WHAT YOU WILL DO
Take the line that contains "In our previous" and each line after it to the end of the data below, and set them down exactly, omitting pictures.

DATA SEGMENT
- Opening Delimiter -

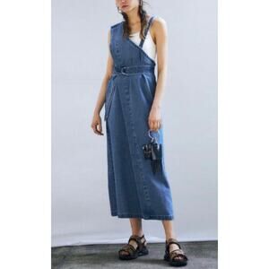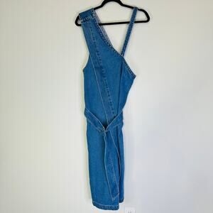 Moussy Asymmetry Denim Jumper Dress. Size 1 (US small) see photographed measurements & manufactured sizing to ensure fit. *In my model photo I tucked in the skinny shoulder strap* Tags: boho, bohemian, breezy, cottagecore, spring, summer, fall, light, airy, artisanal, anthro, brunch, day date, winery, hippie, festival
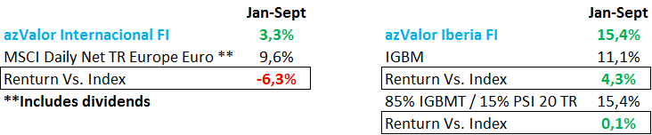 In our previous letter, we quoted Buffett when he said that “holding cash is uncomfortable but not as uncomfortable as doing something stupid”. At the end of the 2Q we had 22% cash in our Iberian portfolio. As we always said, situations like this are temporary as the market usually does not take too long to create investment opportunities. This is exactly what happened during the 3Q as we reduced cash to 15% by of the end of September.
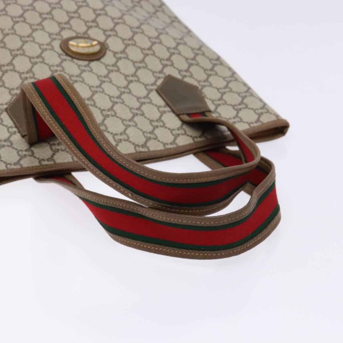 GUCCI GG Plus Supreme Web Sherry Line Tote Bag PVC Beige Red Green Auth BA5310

- Closing Delimiter -

TASK OUTPUT
 In our previous letter, we quoted Buffett when he said that “holding cash is uncomfortable but not as uncomfortable as doing something stupid”. At the end of the 2Q we had 22% cash in our Iberian portfolio. As we always said, situations like this are temporary as the market usually does not take too long to create investment opportunities. This is exactly what happened during the 3Q as we reduced cash to 15% by of the end of September.
 GUCCI GG Plus Supreme Web Sherry Line Tote Bag PVC Beige Red Green Auth BA5310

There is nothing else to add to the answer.